Having established that the district court erred by imposing a secured bond without written findings, the court moved to the question of whether defendant’s rights were flagrantly violated and whether his case suffered irreparable prejudice to support dismissal of the charges against him under G.S. 15A-954. The court concluded that defendant had not been irreparably prejudiced, looking to the superior court’s own findings, pointing to Finding No. 12 that “the court does not find, that the $250 cash bond and subsequent time in custody affected defendant’s ability to prepare his case in superior court, or otherwise to consult with counsel to be ready for trial.” Id. at 14 (cleaned up). Because the superior court’s own findings showed no prejudice and the findings were not challenged on appeal, the court determined it was error to grant defendant’s motion to dismiss.

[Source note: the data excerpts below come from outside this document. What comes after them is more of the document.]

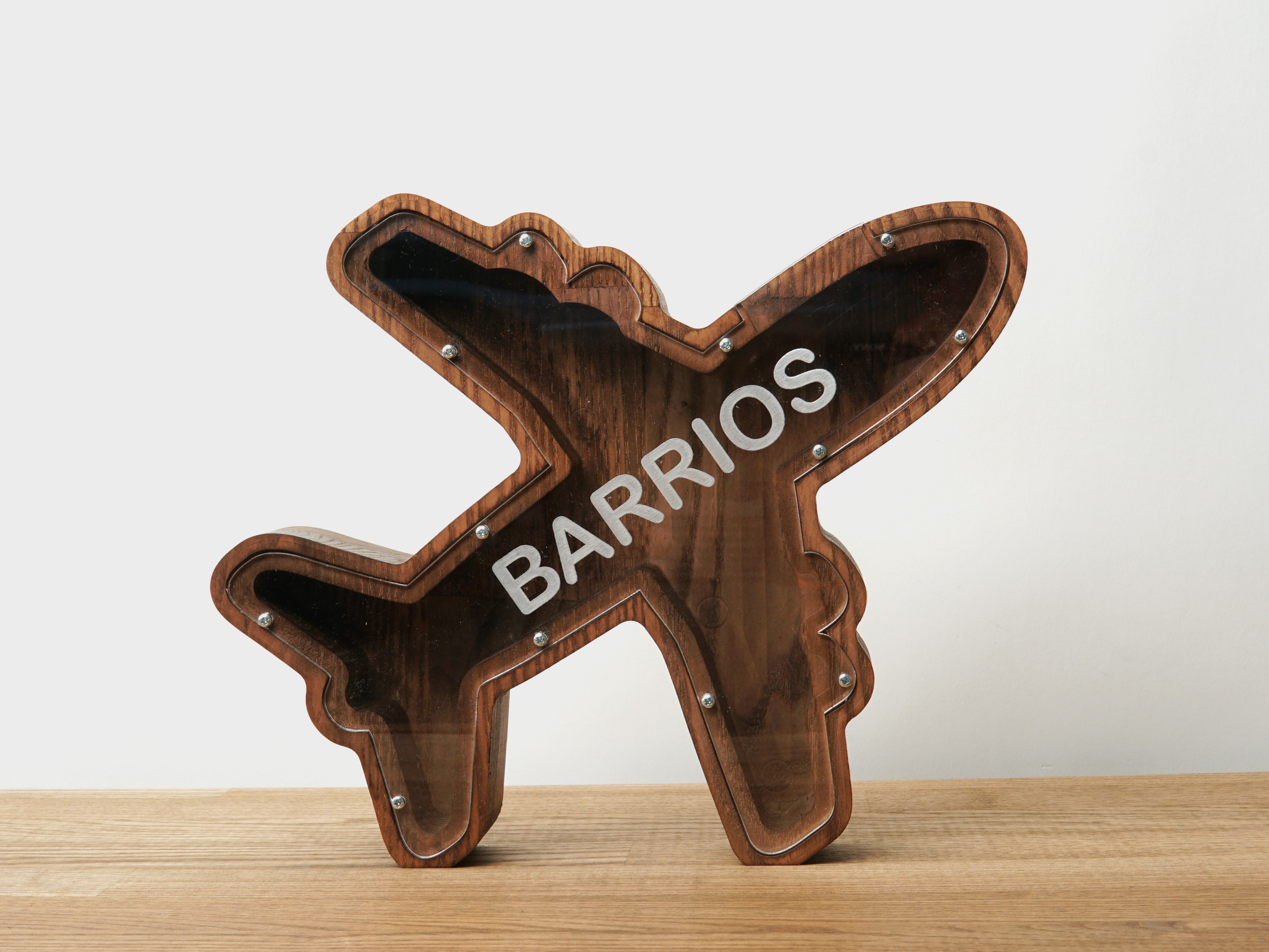 A plane-shaped piggy bank designed for children or as a decorative coin bank for the home or office. Perfect for a kids’ room, desk accessory, or toy bank, it encourages saving money while adding a playful touch. Its airplane design makes it suitable as a children's gift, home decor item, or for plane enthusiasts.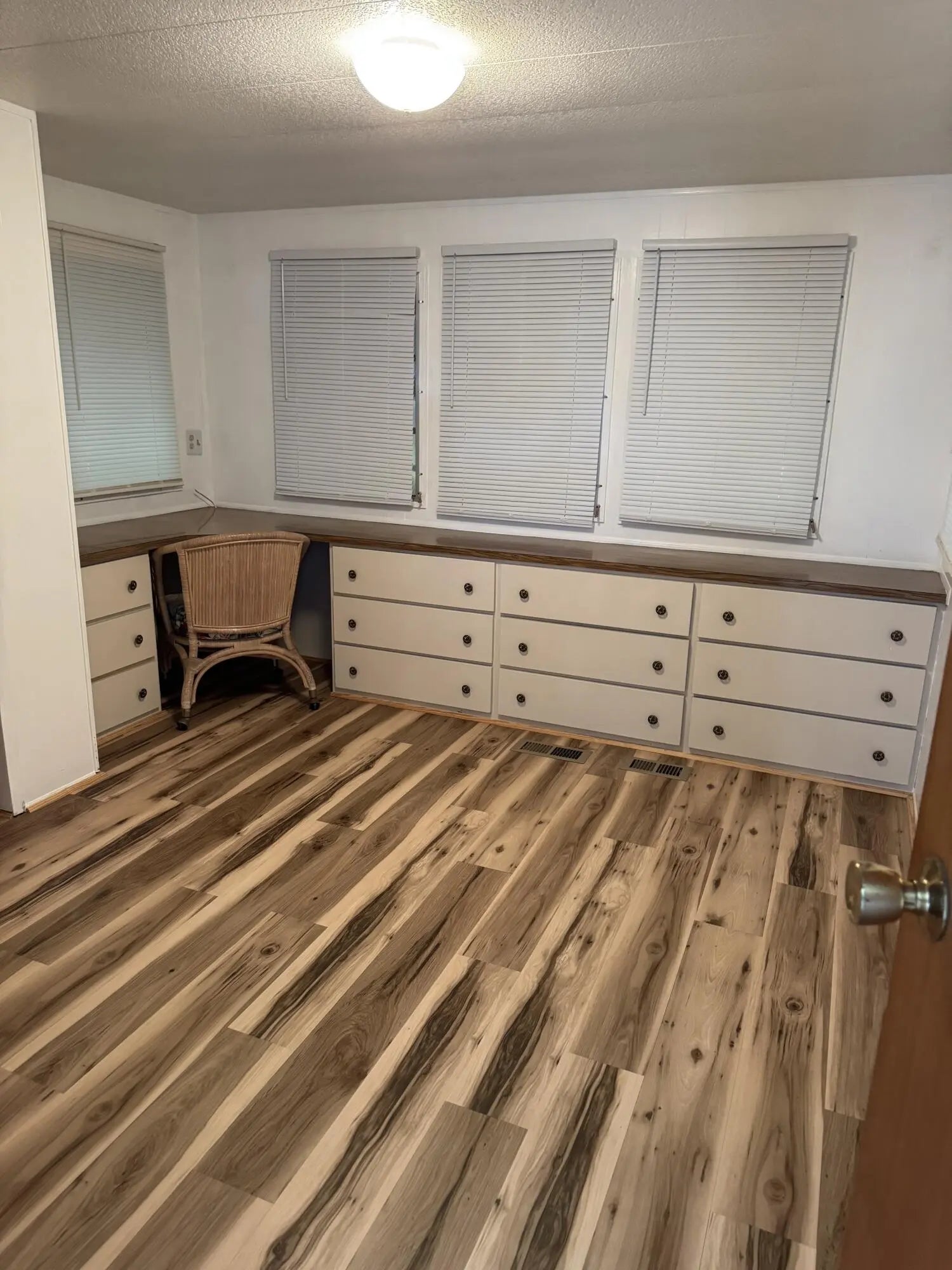 WOW! Welcome to this charming and well-maintained 2-bedroom, 1-bath home located in the highly sought-after Woodbridge community. Designed for easy, low-maintenance living, this home features wood flooring throughout and a nicely sized kitchen that offers both functionality and comfort. Enjoy added privacy with your own private backyard, complete with a shed included in the sale, perfect for extra storage or hobbies. The layout is efficient, inviting, and ideal for those looking to downsize without sacrificing everyday comfort. Set within a quiet, well-kept 55+ community, this home is a must-see for buyers seeking affordability, simplicity, and a welcoming place to call home.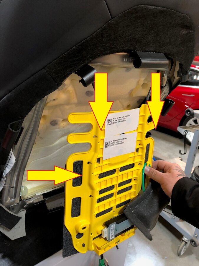 - 将副驾位座椅靠背饰板固定件安装到副驾位座椅靠背框架上。

Trial court did not err in denying defendant’s request to withdraw his plea as defendant did not provide just and fair reason for withdrawing the plea.

State v. Scott, COA23-936, ___ N.C. App. ___ (June 4, 2024). In this New Hanover County case, defendant appealed after a guilty plea to four counts of selling crack cocaine, arguing error in denying his motion to withdraw his guilty plea and failing to advise him of the consequences of pleading guilty. The Court of Appeals denied defendant’s petition for review of the trial court’s advice regarding his guilty plea, and found no error.

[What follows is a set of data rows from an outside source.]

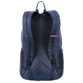 Mochila com bolsos laterias em tela com elástico, alças de costas reguláveis, bolso lateral em tela com elástico, forro personalizado, alça de mão e etiquetas personalizadas.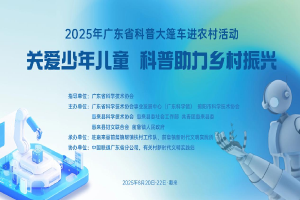 为深入贯彻落实“百千万工程”部署要求,凝聚社会力量推动乡村振兴,8月20-22日,由省科协指导,省科协事业发展中心、揭阳市科协、惠来县科协、县委社会工作部、团县委、县妇联、前詹镇政府联合主办,驻惠来县前詹镇帮镇扶村工作队等承办,中国联通广东省分公司等协办的“关爱少年儿童 科普助力乡村振兴”——2025年广东省科普大篷车进农村活动在揭阳市惠来县前詹镇举行,为当地2000多名少年儿童及村民带来沉浸式科学体验,助力乡村科普教育高质量发展。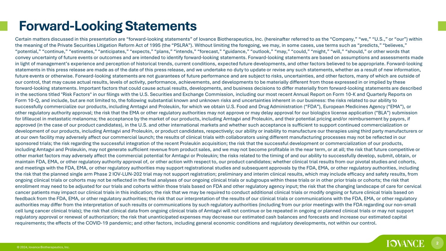 1 © 2024, Iovance Biotherapeutics, Inc. © 2024, Iovance Biotherapeutics, Inc. Corporate Overview May 31, 2024 1

Between September 2017 and May 2018, defendant sold crack cocaine to confidential informants working for the Wilmington Police Department while being recorded on video. Defendant reached a plea agreement where he would plead guilty to four counts of selling crack cocaine and other charges would be dismissed, and the State prayed for judgment to be continued with defendant on pretrial release with the presumption that defendant would testify in an unrelated matter. While on pretrial release, defendant was arrested for possession of a firearm by a felon and other charges, and his pretrial release was revoked. Defendant subsequently decided not to testify for the State in the unrelated matter, and the State prayed for judgment on defendant’s plea, leading to his sentencing in January 2023. At the sentencing defendant moved to withdraw his plea, but the trial court denied his motion after reviewing the plea colloquy.

Considering defendant’s first issue, the Court of Appeals explained that defendant’s side agreement to testify for the State was not put before the trial court, and thus his argument that the trial court did not advise him of the possible consequences was not appealable. This led defendant to file a petition for writ of certiorari. Looking to the record, the court noted that it was defendant’s choice not to put the agreement for his testimony on the plea transcript, as he did not want to be seen cooperating with the State. The court noted that the trial court still attempted to advise defendant of possible consequences, and found no merit in his petition.

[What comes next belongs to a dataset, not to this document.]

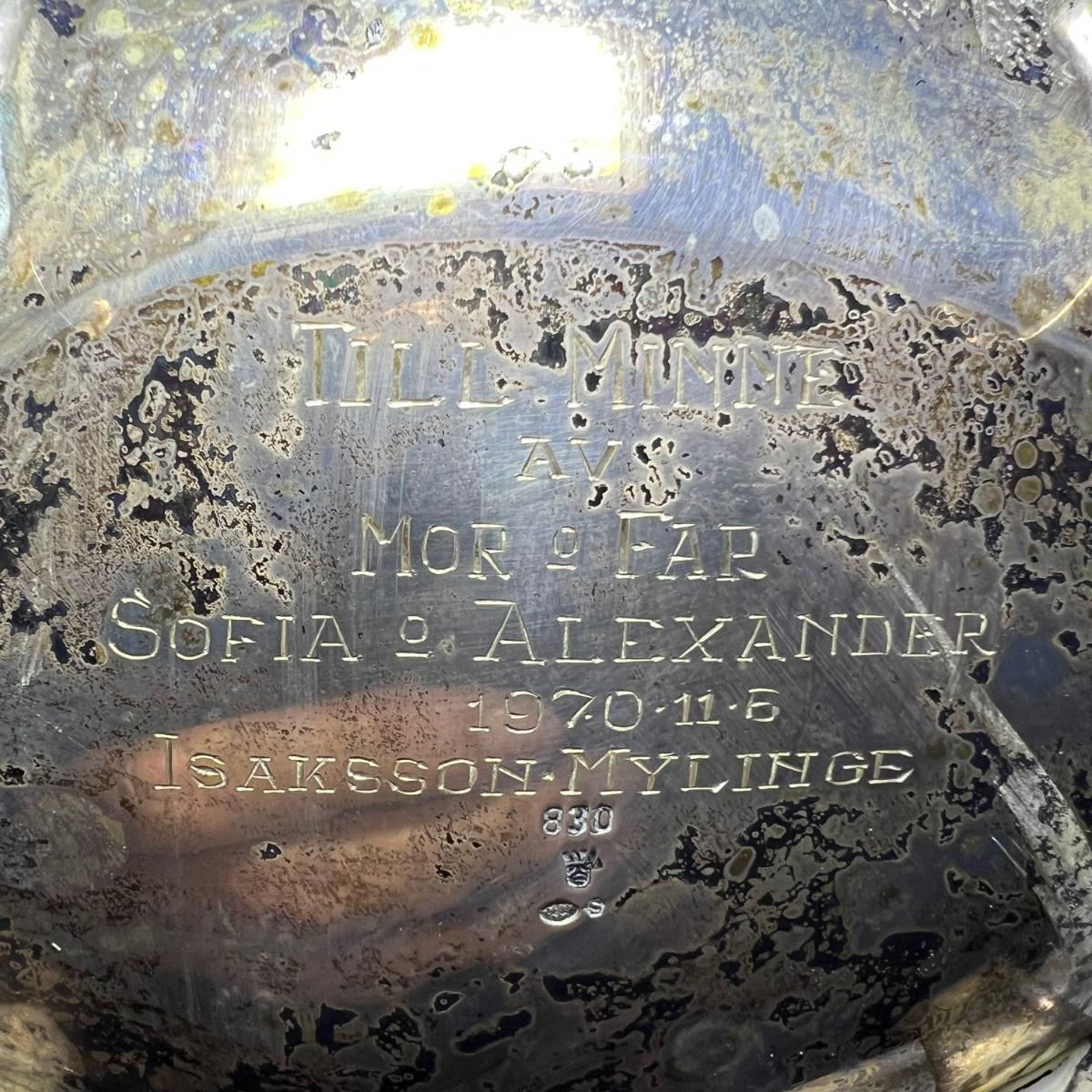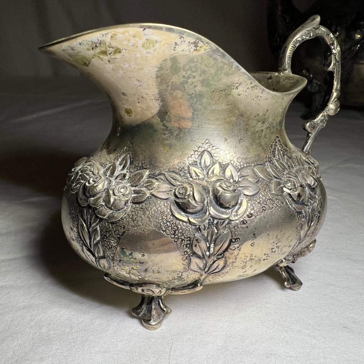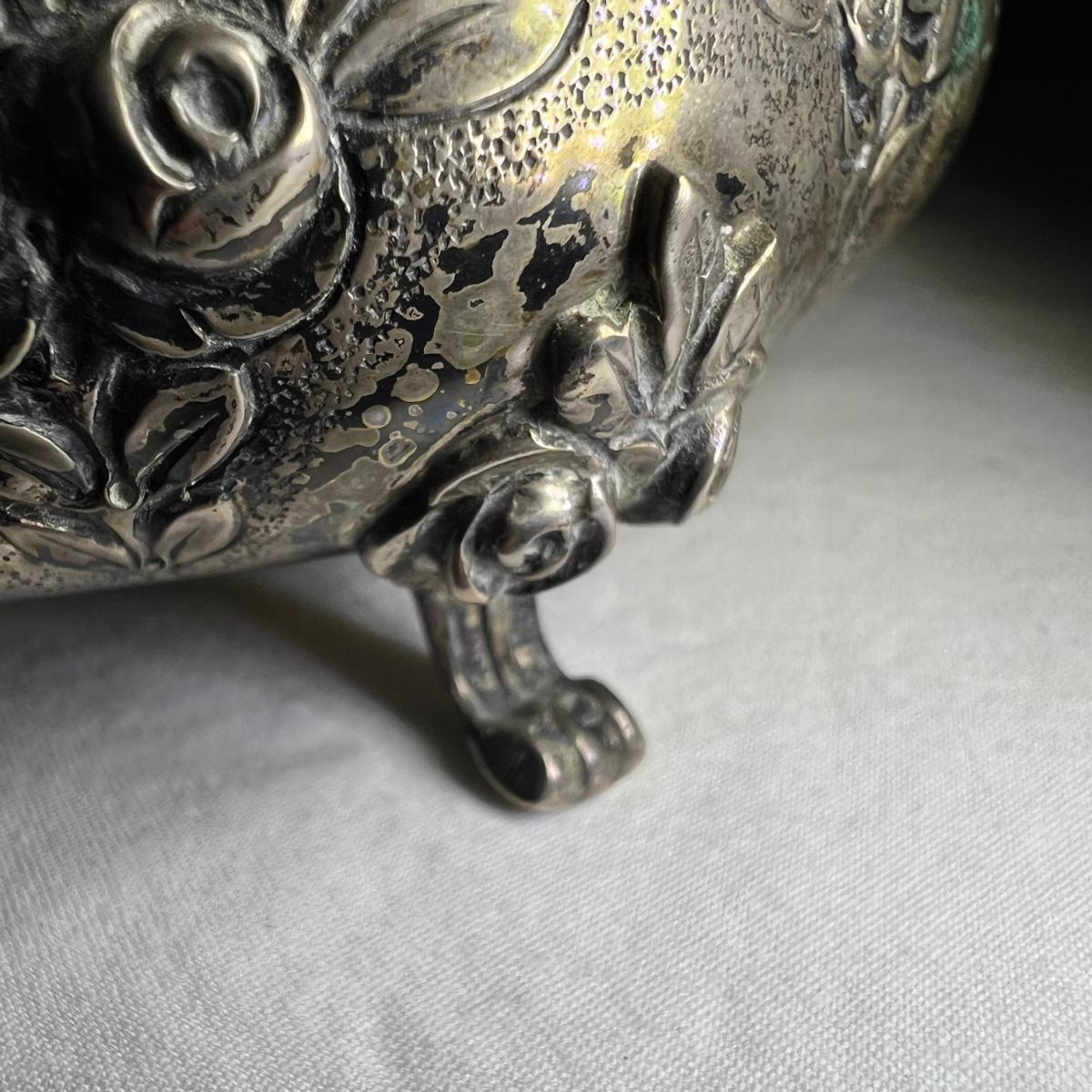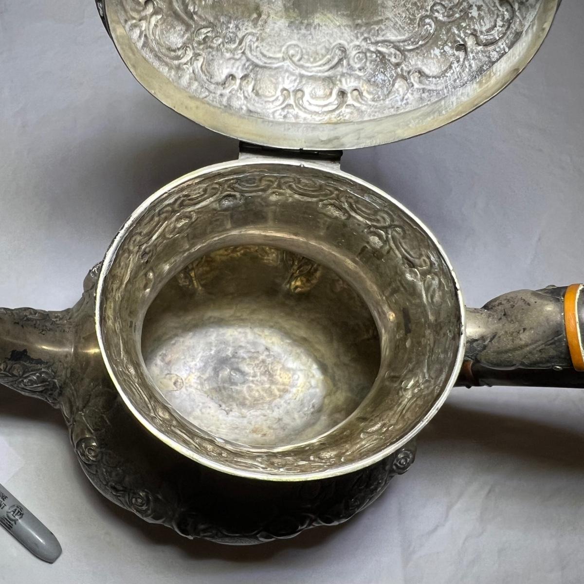 This precious silver set are all stamped 830 and likely from Sweden. Set includes a teapot, lidded sugar bowl and creamer.

Moving to defendant’s motion to withdraw his plea, the court explored defendant’s argument about an “order for his arrest” that the State delayed serving on defendant before his plea, finding no clear evidence of this issue. Slip Op. at 8-9. The court did find clear evidence that defendant did not provide a just and fair reason for withdrawing his plea, as the State’s evidence against defendant was strong, defendant had ample time to review and prepare prior to entering his plea, and the trial court explained the possible outcomes from his plea prior to entering it. Instead, the record showed defendant “was dissatisfied with the outcome of his plea despite being made fully aware of said outcome prior to entering the plea.” Id. at 9.